Au début des années 1980, en Allemagne de l'Est, l'auteur à succès Georges Dreyman et sa compagne, l'actrice Christa-Maria Sieland, sont considérés comme faisant partie de l'élite des intellectuels de l'Etat communiste, même si, secrètement, ils n'adhèrent aux idées du parti. Le Ministère de la Culture commence à s'intéresser à Christa et dépêche un agent secret, nommé Wiesler, ayant pour mission de l'observer. Tandis qu'il progresse dans l'enquête, le couple d'intellectuels le fascine de plus en plus...
Un bon acteur, un scénario bien huilé et un brin de nostalgie envers un régime détesté mais qui a profondément marqué l'imaginaire européen et qui, surtout, permet la mise en place d'une situation tragique, il n'en faut sans doute pas beaucoup plus pour assurer un succès exceptionnel à ce premier film d'un tout jeune metteur en scène au talent prometteur.
Le film repose sur des ressorts dramatiques aussi simples qu'efficaces. Wiesler est un ardent zélateur du régime tant qu'il reste confiné dans sa fonction d'enseignant n'ayant d'autres contacts avec la réalité que l'amphithéâtre où il note consciencieusement les étudiants déviants ainsi que les pièces vides des bureaux de la Stasi où il soumet à la torture ceux qui, il en est persuadé, sont des traîtres. Son imaginaire ne va guère plus loin comme le prouvent les pièces sans âmes de son appartement.
Son univers bascule lorsqu'il doit accomplir une mission de surveillance dans la vraie vie pour régler les affaires privées du ministre de la culture et qu'il comprend que son chef, qui méprise l'enseignement pour le pouvoir, peut envoyer le premier plaisantin venu en prison (la blague du soleil passé à l'Ouest). Dès lors il va préserver la liberté de ceux qu'il est chargé de surveiller et ce d'autant plus que, bouleversé par l'écoute de la sonate de l'homme bon, il se transforme petit à petit en cet homme compatissant aux malheurs d'autrui.
L'écoute de cette sonate est emphatiquement mise en scène, par la caméra exécutant un début de panoramique sur Dreyman et sa compagne au piano avant de poursuivre ce même mouvement sur Wiesler en haut dans le grenier sur son pupitre d'écoute.

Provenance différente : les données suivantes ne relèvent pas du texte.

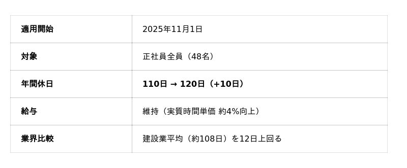 静岡県浜松市の建設会社・株式会社LIFEFUNDが、2025年11月より正社員全員の年間休日を110日から120日へ引き上げる。給与水準は維持されるため、時間あたりの賃金は実質約4%向上する計算だ。

Mais la mise en scène est surtout ici affaire de suspens, d'essai de communication ("le public" répété dans le bar ou dans le bureau de la Stasi) et surtout de machine à écrire. Celle-ci d'abord cachée sous un gâteau est substituée à une autre, cachée sous le planché, échappe à la fouille puis est dérobée à la barbe de la Stasi avant que la trace de l'encre rouge retrouvée sur la fiche de surveillance n'apprenne à Dreyman qui l'avait enlevée afin de le faire échapper à la prison.
Le film signifie-t-il qu'il peut rester quelque chose de bon dans le cur de l'homme, même celui imprégné depuis son enfance par une idéologie ? Sans soute pas puisque Wiesler s'est tenu à l'écart des atrocités du régime. Le film a de plus la modestie de ne pas mélanger discours moral et discours politique puisque c'est au fond de la cave où il colle les timbres que Wiesler apprend la chute du mur.
Plus probablement, le film exploite la possibilité qu'avait ce monde d'avant de construire des tragédies à bon compte. D'un côté les méchants ; les politiques gros et corrompus de l'autre les bons : les artistes. Dès lors Wiesler, ou plutot Ulrich Mühe, l'acteur charismatique qui l'interprète est condamné à un amour impossible et silencieux.
C'est un message un peu court pour un film dont, encore une fois le but est de décrire un régime et non d'en analyser les ressorts ou la chute. Parions que Florian Henckel von Donnersmarck, aidé peut-être par les studios hollywoodiens, saura faire le film que l'on attend sur la chute du mur de Berlin.